→ EXERCISE DESCRIPTION:
What is needed is the full listing written out exactly, minus the pictures.

→ STORED DATA:
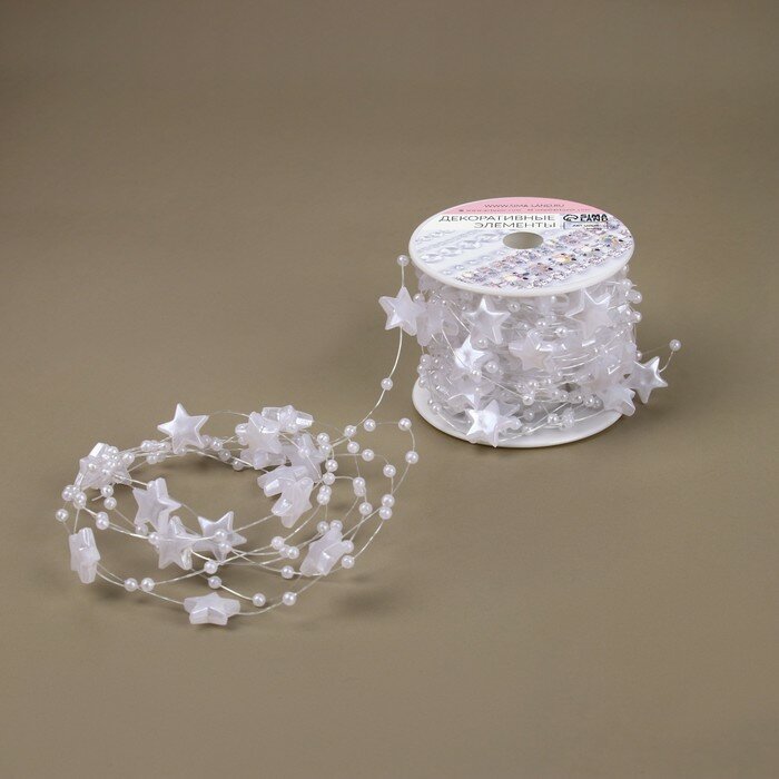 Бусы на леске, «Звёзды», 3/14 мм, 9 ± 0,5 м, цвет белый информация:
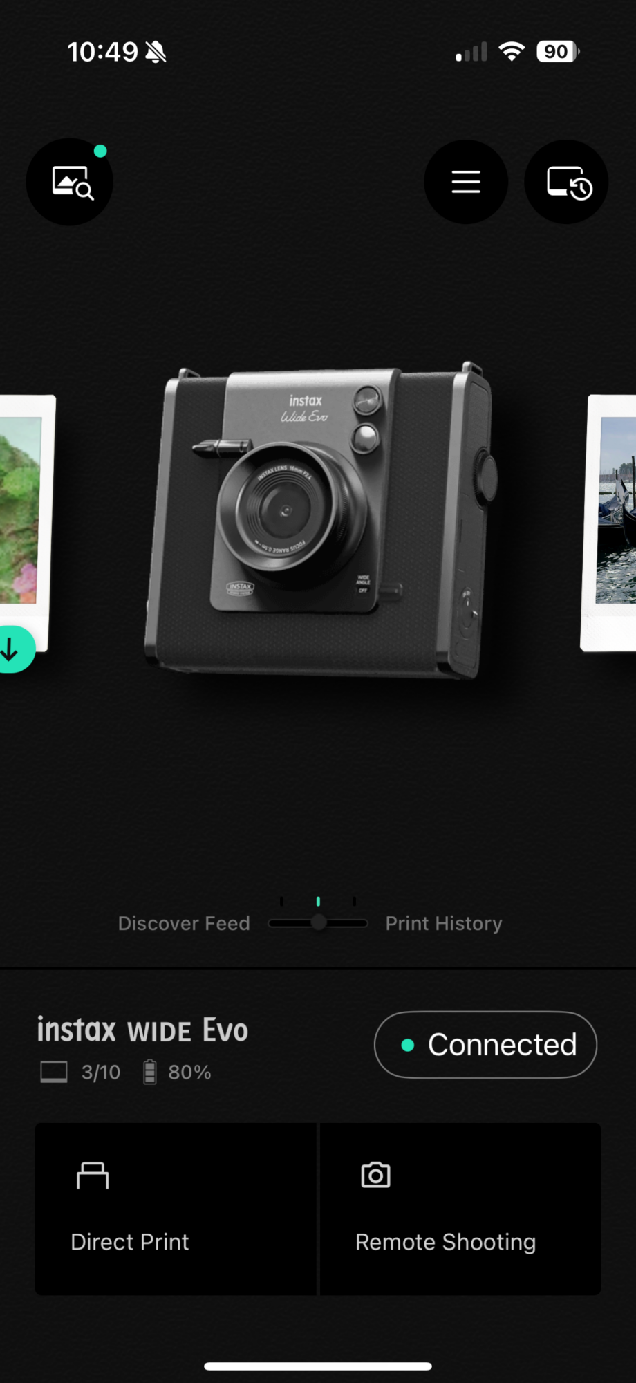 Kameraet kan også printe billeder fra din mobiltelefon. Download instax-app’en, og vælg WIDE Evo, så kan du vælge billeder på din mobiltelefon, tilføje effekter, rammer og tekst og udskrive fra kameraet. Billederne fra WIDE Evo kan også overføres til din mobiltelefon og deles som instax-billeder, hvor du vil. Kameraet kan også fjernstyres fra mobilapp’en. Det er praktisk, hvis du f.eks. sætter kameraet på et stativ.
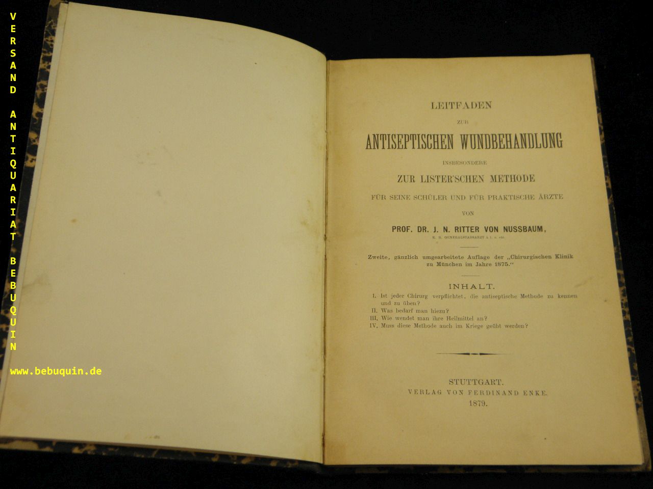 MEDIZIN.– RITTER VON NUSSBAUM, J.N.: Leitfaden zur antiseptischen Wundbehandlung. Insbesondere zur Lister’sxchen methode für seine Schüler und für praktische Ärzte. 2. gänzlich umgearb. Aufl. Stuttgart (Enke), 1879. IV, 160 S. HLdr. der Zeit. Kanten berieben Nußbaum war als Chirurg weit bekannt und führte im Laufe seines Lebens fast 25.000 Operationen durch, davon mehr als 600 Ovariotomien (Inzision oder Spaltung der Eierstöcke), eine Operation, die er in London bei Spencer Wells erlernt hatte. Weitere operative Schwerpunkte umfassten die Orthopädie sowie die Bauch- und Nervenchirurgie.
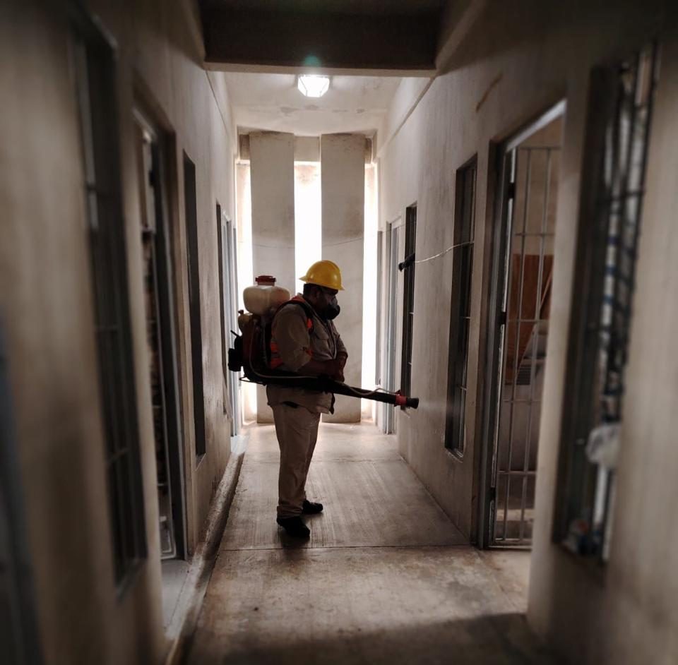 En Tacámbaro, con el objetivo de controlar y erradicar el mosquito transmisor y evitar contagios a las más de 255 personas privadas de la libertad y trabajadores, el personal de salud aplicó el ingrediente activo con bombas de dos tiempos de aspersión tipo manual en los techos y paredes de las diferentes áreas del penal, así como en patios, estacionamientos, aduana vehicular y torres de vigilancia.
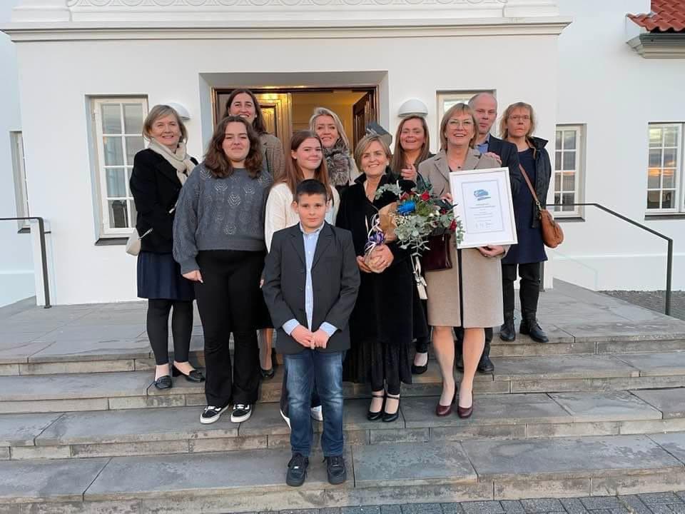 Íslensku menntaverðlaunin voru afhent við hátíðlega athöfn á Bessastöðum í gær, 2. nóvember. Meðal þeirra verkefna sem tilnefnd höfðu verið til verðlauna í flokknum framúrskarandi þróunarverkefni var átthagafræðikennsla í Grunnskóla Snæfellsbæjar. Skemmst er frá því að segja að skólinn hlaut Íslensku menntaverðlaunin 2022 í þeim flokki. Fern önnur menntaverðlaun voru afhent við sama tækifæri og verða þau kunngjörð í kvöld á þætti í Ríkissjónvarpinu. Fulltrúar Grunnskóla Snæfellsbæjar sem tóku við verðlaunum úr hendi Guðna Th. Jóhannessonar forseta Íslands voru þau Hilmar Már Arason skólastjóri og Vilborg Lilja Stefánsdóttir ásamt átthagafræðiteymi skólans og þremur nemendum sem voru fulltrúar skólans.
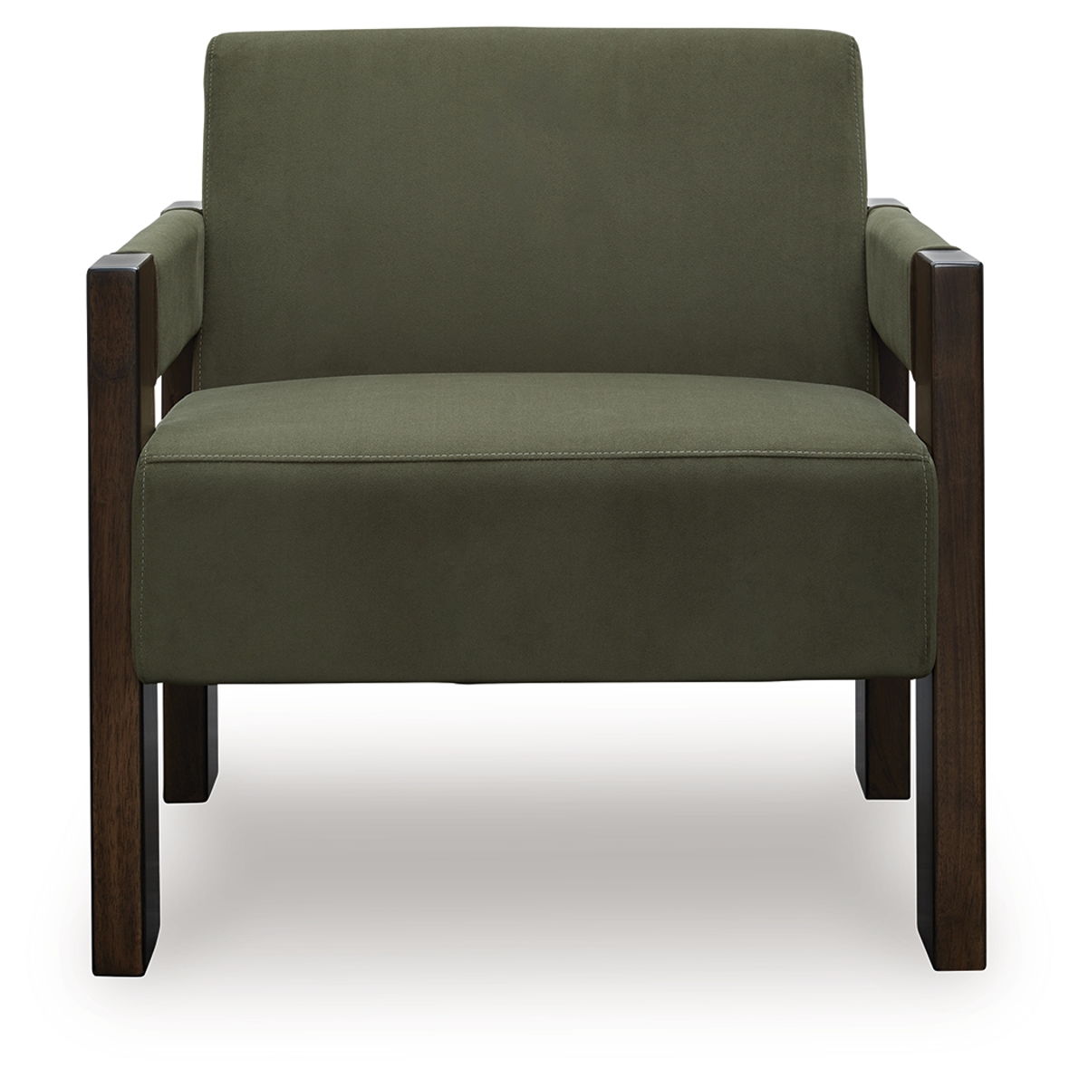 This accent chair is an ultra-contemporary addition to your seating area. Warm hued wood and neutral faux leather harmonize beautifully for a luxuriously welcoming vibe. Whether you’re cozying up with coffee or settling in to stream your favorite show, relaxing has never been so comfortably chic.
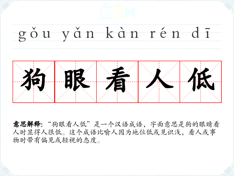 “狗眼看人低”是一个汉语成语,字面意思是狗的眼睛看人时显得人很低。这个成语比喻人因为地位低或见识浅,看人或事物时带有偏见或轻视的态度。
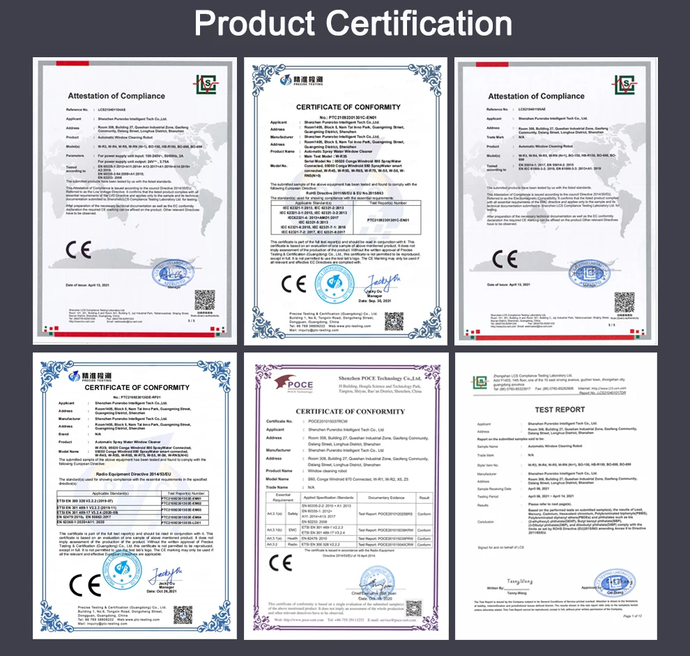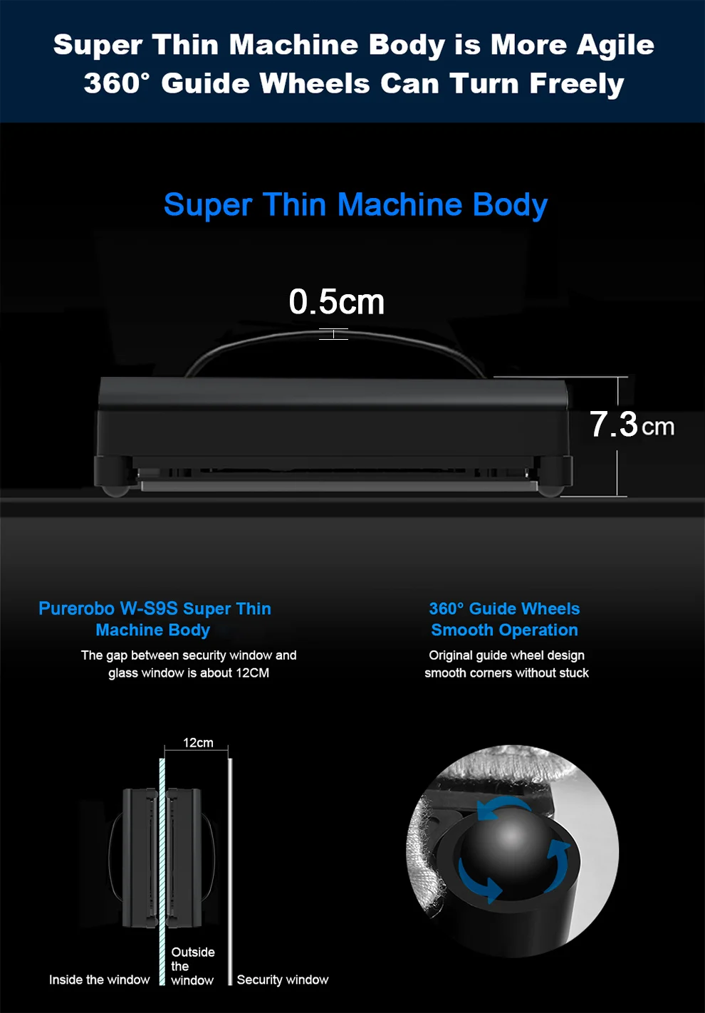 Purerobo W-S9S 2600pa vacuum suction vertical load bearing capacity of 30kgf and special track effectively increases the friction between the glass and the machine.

→ TASK RESPONSE:
 Бусы на леске, «Звёзды», 3/14 мм, 9 ± 0,5 м, цвет белый информация:
 Kameraet kan også printe billeder fra din mobiltelefon. Download instax-app’en, og vælg WIDE Evo, så kan du vælge billeder på din mobiltelefon, tilføje effekter, rammer og tekst og udskrive fra kameraet. Billederne fra WIDE Evo kan også overføres til din mobiltelefon og deles som instax-billeder, hvor du vil. Kameraet kan også fjernstyres fra mobilapp’en. Det er praktisk, hvis du f.eks. sætter kameraet på et stativ.
 MEDIZIN.– RITTER VON NUSSBAUM, J.N.: Leitfaden zur antiseptischen Wundbehandlung. Insbesondere zur Lister’sxchen methode für seine Schüler und für praktische Ärzte. 2. gänzlich umgearb. Aufl. Stuttgart (Enke), 1879. IV, 160 S. HLdr. der Zeit. Kanten berieben Nußbaum war als Chirurg weit bekannt und führte im Laufe seines Lebens fast 25.000 Operationen durch, davon mehr als 600 Ovariotomien (Inzision oder Spaltung der Eierstöcke), eine Operation, die er in London bei Spencer Wells erlernt hatte. Weitere operative Schwerpunkte umfassten die Orthopädie sowie die Bauch- und Nervenchirurgie.
 En Tacámbaro, con el objetivo de controlar y erradicar el mosquito transmisor y evitar contagios a las más de 255 personas privadas de la libertad y trabajadores, el personal de salud aplicó el ingrediente activo con bombas de dos tiempos de aspersión tipo manual en los techos y paredes de las diferentes áreas del penal, así como en patios, estacionamientos, aduana vehicular y torres de vigilancia.
 Íslensku menntaverðlaunin voru afhent við hátíðlega athöfn á Bessastöðum í gær, 2. nóvember. Meðal þeirra verkefna sem tilnefnd höfðu verið til verðlauna í flokknum framúrskarandi þróunarverkefni var átthagafræðikennsla í Grunnskóla Snæfellsbæjar. Skemmst er frá því að segja að skólinn hlaut Íslensku menntaverðlaunin 2022 í þeim flokki. Fern önnur menntaverðlaun voru afhent við sama tækifæri og verða þau kunngjörð í kvöld á þætti í Ríkissjónvarpinu. Fulltrúar Grunnskóla Snæfellsbæjar sem tóku við verðlaunum úr hendi Guðna Th. Jóhannessonar forseta Íslands voru þau Hilmar Már Arason skólastjóri og Vilborg Lilja Stefánsdóttir ásamt átthagafræðiteymi skólans og þremur nemendum sem voru fulltrúar skólans.
 This accent chair is an ultra-contemporary addition to your seating area. Warm hued wood and neutral faux leather harmonize beautifully for a luxuriously welcoming vibe. Whether you’re cozying up with coffee or settling in to stream your favorite show, relaxing has never been so comfortably chic.
 “狗眼看人低”是一个汉语成语,字面意思是狗的眼睛看人时显得人很低。这个成语比喻人因为地位低或见识浅,看人或事物时带有偏见或轻视的态度。
 Purerobo W-S9S 2600pa vacuum suction vertical load bearing capacity of 30kgf and special track effectively increases the friction between the glass and the machine.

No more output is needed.